» **Source information**
# # # # # # #
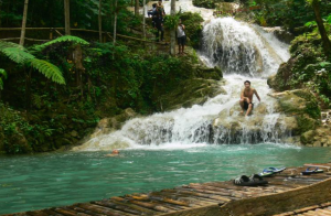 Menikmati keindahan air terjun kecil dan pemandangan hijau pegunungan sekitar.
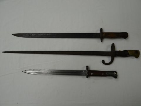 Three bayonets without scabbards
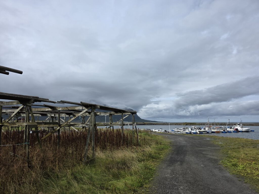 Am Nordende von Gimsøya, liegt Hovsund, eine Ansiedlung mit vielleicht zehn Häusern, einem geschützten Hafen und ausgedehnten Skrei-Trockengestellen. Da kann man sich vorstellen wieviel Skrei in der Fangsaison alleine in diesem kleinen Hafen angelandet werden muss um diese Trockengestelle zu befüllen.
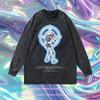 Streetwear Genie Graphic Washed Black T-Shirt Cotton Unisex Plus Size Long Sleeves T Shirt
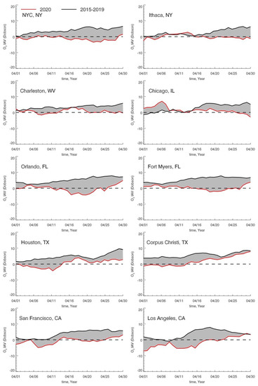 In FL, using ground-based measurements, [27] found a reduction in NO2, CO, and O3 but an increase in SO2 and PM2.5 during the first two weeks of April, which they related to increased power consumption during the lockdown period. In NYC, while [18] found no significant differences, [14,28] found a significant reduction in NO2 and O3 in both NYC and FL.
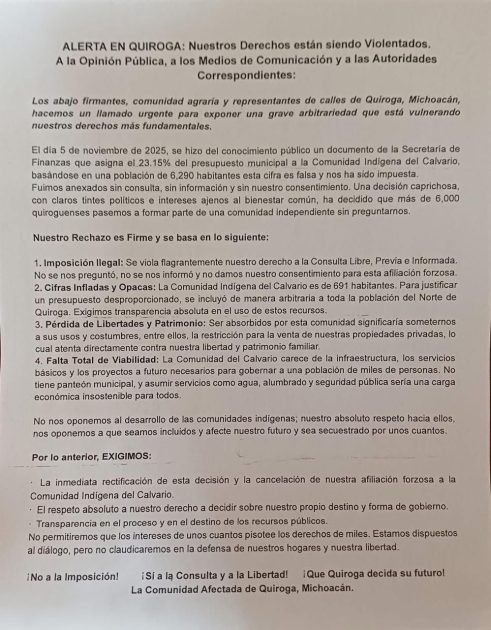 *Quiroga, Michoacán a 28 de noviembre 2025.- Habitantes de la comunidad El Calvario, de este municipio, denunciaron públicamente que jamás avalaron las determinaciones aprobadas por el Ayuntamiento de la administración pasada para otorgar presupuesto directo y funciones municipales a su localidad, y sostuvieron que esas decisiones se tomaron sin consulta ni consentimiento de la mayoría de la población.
# # # # # # #
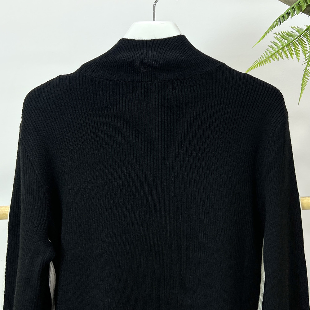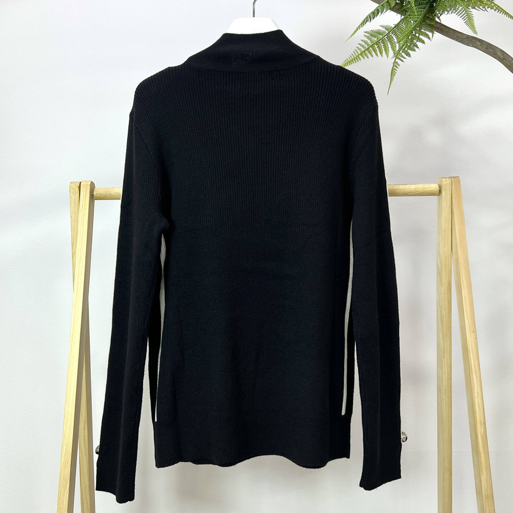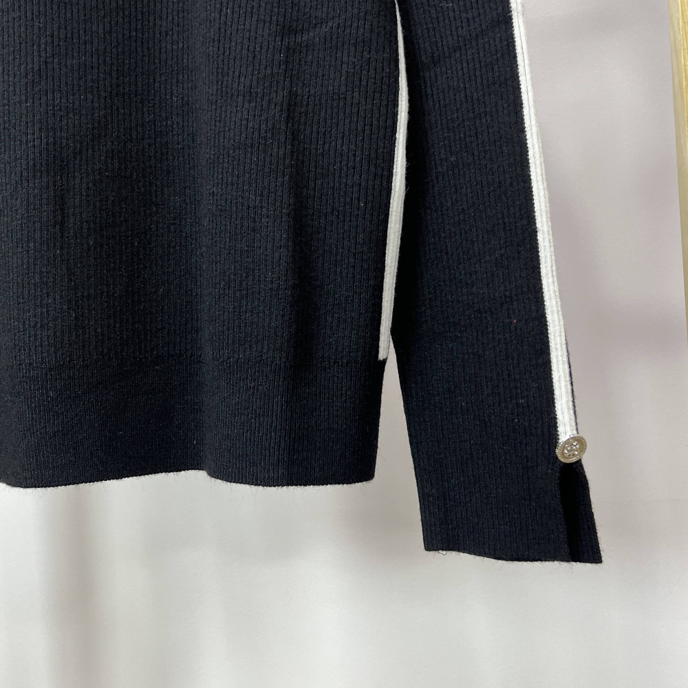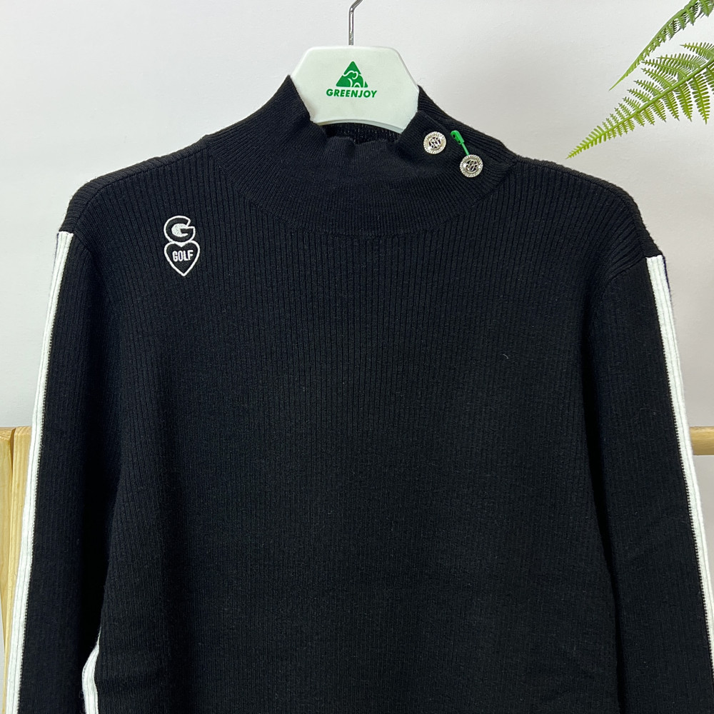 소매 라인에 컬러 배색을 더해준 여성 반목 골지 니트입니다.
# # # # # # #
Of the records above, print only the lines from the one containing "In FL, using" through the one containing "de la población.", inclusive and unaltered, leaving out pictures.

» **Answer for this exercise**
 In FL, using ground-based measurements, [27] found a reduction in NO2, CO, and O3 but an increase in SO2 and PM2.5 during the first two weeks of April, which they related to increased power consumption during the lockdown period. In NYC, while [18] found no significant differences, [14,28] found a significant reduction in NO2 and O3 in both NYC and FL.
 *Quiroga, Michoacán a 28 de noviembre 2025.- Habitantes de la comunidad El Calvario, de este municipio, denunciaron públicamente que jamás avalaron las determinaciones aprobadas por el Ayuntamiento de la administración pasada para otorgar presupuesto directo y funciones municipales a su localidad, y sostuvieron que esas decisiones se tomaron sin consulta ni consentimiento de la mayoría de la población.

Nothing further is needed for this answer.